At this news, I smiled. Once Mama and the doctor left my room, I heard Mama say to him, “You did her some good, I think, Dr. Jackson. But I like not her low spirits. She has been very up and down in this regard, and often sleepless. This latest episode, combined with your recent urgings, have worn me down. I fear the next invasion of the pox will carry her off. I shall send her to take the cure as soon as may be, though I shan’t go myself.”
“Madam—” the good doctor began, but Mama interrupted him.
“No,” she said. “I care nothing for myself, and Mr. Boylston had the pox as a child.”
“All right. I shall arrange for her to go as soon as may be.”
I sighed and pulled my head back under the covers. I was miserable where I was, but I didn’t see how taking the cure on Pest Island would render me any more so.
September 1777. Just as Mama had predicted, the smallpox arrived in full force, and I thought it only a matter of days before I would be shipped off to Pest Island.
Mama commanded me to remain indoors, but as I had hardly stepped abroad in several weeks, I had a sudden desire to do so.

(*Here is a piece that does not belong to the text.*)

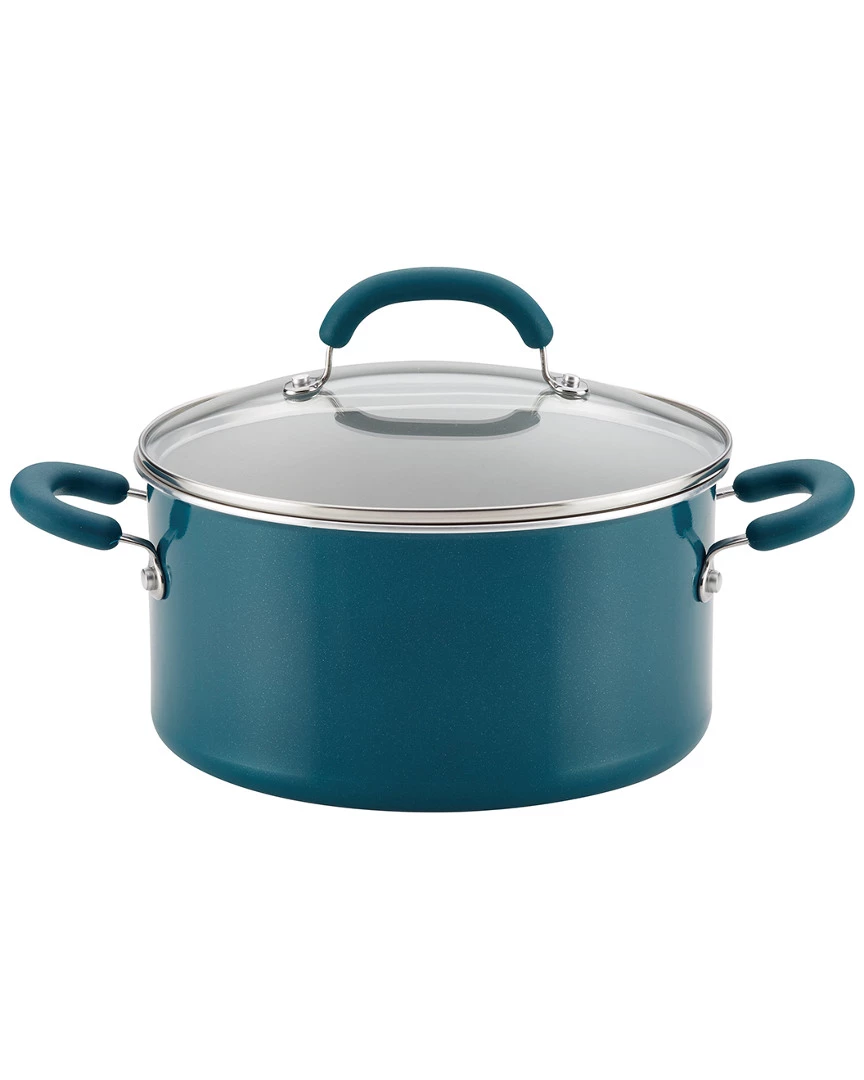 - Design details: Radiant and solution-oriented, the Rachael Ray Create Delicious Aluminum Nonstick 6-Quart Stockpot brings high-quality performance and everyday convenience to home chefs eager for kitchen versatility with style; Featuring vibrant, shimmering color combined with value-driven functionality, this roomy stockpot is perfect for soups, stews, stoups and one-pot meals like Rach’s Sausage and Shrimp. Durable aluminum construction provides ultra-even heating and features enhanced PlatinumShield and trade; Technology silver nonstick reinforced to be 9 times harder than titanium for effortless food release. Plus, the stockpot is dishwasher safe for quick and easy cleanup; Want more? Colorful, double-riveted stainless steel and silicone handles provide comfort and control that’s oven safe to 400F, and a shatter resistant glass lid locks in heat and flavor while allowing foods to be monitored while they cook. Flared cookware rims make for easy pouring, and an induction-suitable stainless steel base provides strength, durability, and versatility to use the cookware on any stovetop; From dishwasher-safe convenience to the enhanced durability of PlatinumShield and trade; nonstick, reach for the big brilliance of the Rachael Ray Create Delicious Aluminum Nonstick 6-Quart Stockpot and get ready to get delish.

One morning Cassie said that she needed to go to the Whipple house.
“Excellent,” I said. “I shall come along.”
It was a glorious morn. The heat had abated, and while the leaves were still mainly on the trees, a few loose ones, gold and yellow, fell, cascading and swirling in the strong sea breeze. The Piscataqua glistened in the strong sun, and my spirits lifted with baseless hope.
“Cassie,” I said, as we walked companionably down the hill. “Know you when the Ranger plans to depart? I imagine they must be nearly outfitted by now. Captain Jones will be eager to set sail for France, I’m sure.” Cassie stopped walking and turned to me.